## Friday, August 13, 2010

### Orthogonality

Literally orthogonality means at right angles, hence independent or irrelevant to.

In programming languages, orthogonality means design so that changes in one thing don’t effect another. The example they give a user interface and database — you should be able to swap the database without changing the interface or make changes to the interface without affecting the database.

When this term is used in describing computer instruction sets, orgothogonal instruction set can use any register for any purpose while in non-orthogonal set (such as the Intel Pentium), each register has special properties, e. g. only CX can be used for counting string loops.

So non-orthogonality means exceptions to the general language rules, which make it harder to learn. It means that you cannot combine language features in all possible ways. Excessive orthogonality makes it possible to say silly things in the language that complicate the compilers.

Here are some examples of non-orthogonality in C:

1. C has two kinds of built-in data structures, arrays and records (structs). Records can be returned from functions, but arrays cannot.
2. A member of a struct can have any type except void or a structure of the same type.
3. An array element can be any data type except void or a function.
4. Parameters are passed by value, unless they are arrays, in which case they are passed by reference.
5. a+b usually means that they are added, unless a is a pointer the value of b may be changed before the addition takes place.

Orthogonality is one of the most important properties that can help make even complex designs compact. In a purely orthogonal design, operations do not have side effects; each action (whether it's an API call, a macro invocation, or a language operation) changes just one thing without affecting others. There is one and only one way to change each property of whatever system you are controlling.

Eg. computer monitor has orthogonal controls. Its brightness can be changed independently of the contrast level, and (if the monitor has one) the color balance control will be independent of both. Otherwise it would have been difficult to adjust a monitor on which the brightness knob affected the color balance: you'd have to compensate by tweaking the color balance every time after you changed the brightness.

Orthogonality reduces test and development time, because it's easier to verify code that neither causes side effects nor depends on side effects from other code — there are fewer combinations to test. If it breaks, orthogonal code is more easily replaced without disturbance to the rest of the system. Finally, orthogonal code is easier to document and reuse.

The concept of refactoring, which first emerged as an explicit idea from the ‘Extreme Programming’ school, is closely related to orthogonality. To refactor code is to change its structure and organization without changing its observable behavior.

Java and orthogonality
Java is orthogonal in various cases where c or cpp fails. Here are some cases of Java as orthogonal language.
Egs.
1. C has two kinds of built-in data structures, arrays and records (structs and classes also in cpp). Records can be returned from functions, but arrays cannot. But in case arrays can also be returned.
2. We have to check whether a combination of keywords/constructs that could affect each other when used simultaneously on an identifier. For example when applying `public` and `static` to a method, they do not interfere with each other, so these two are orthogonal.

Unix and orthogonality
Unix is praised for its design being orthogonal.
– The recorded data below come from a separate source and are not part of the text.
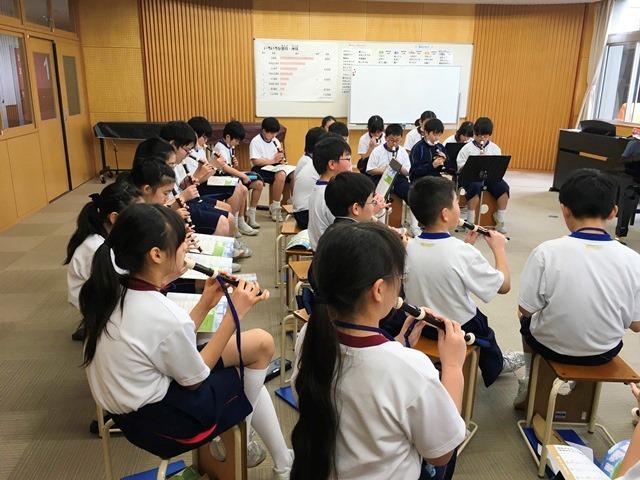 次に、リコーダーを使ってチャールズ・チルトン作曲の「失われた歌」の練習も。2クラス合同での練習だったこともあって迫力のある音に子どもたちは包まれていました。
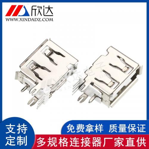 工厂直供 10.0mm卧式卷边铁壳usb连接器母座 侧插USB插脚插座
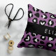 Utskrift av djur, Lila Leopard, Hearts, ditt namn Prydnadskudde
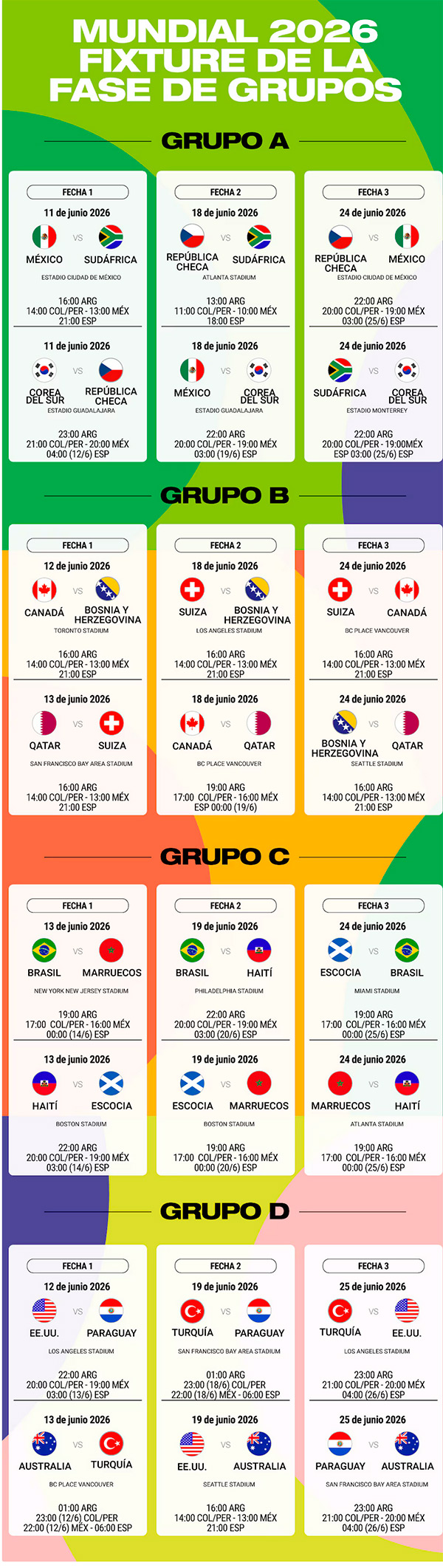 El calendario completo del Mundial 2026: días, horarios y estadios de todos los partidos
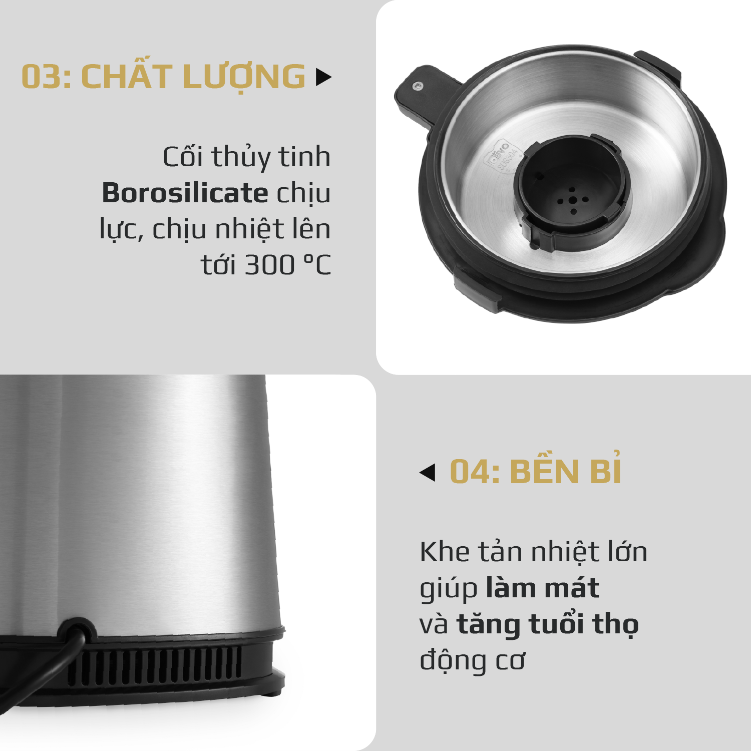 • Công suất xay 1200W, công suất nấu 800W tiêu thụ điện năng ổn định. Giúp xay nấu nhuyễn mịn mọi loại nguyên liệu.
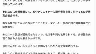 嫌儲 鹿乃つの「ふざけんなよ、万博。全部放置して、説明責任を押し付けてる。私は半年間も攻撃されてる。人生も潰されかけてる」
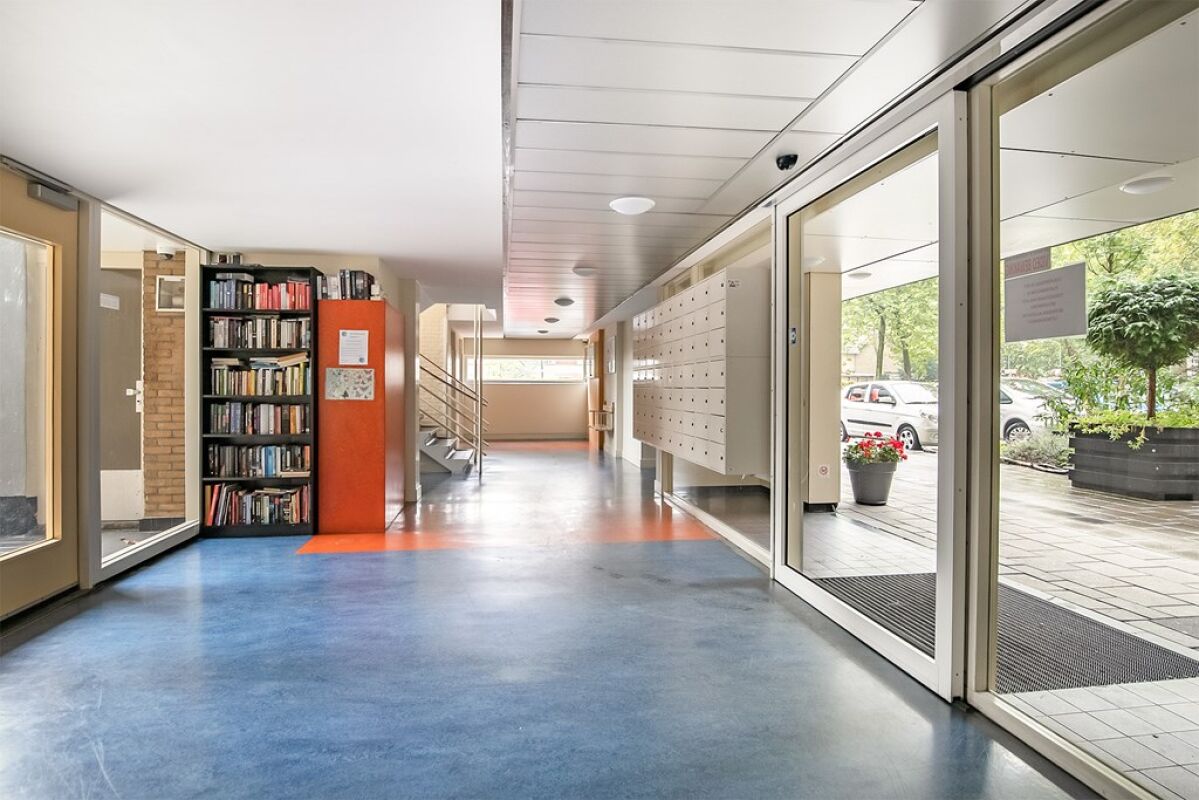 Parterre: gezamenlijke entree, brievenbussen- en bellentableau, lift, trappenhuis en toegang tot berging.

Eg. File is opened for write access without exclusive-locking it for write, for example; This is not the case with every operating system. Old-style (System III) signals were non-orthogonal, because signal receipt had the side-effect of resetting the signal handler to the default die-on-receipt. There are large non-orthogonal patches like the BSD sockets API and very large ones like the X windowing system's drawing libraries.

But on the whole the Unix API is a good example: Otherwise it not only would not but could not be so widely imitated by C libraries on other operating systems. This is also a reason that the Unix API repays study even if you are not a Unix programmer; it has lessons about orthogonality to teach.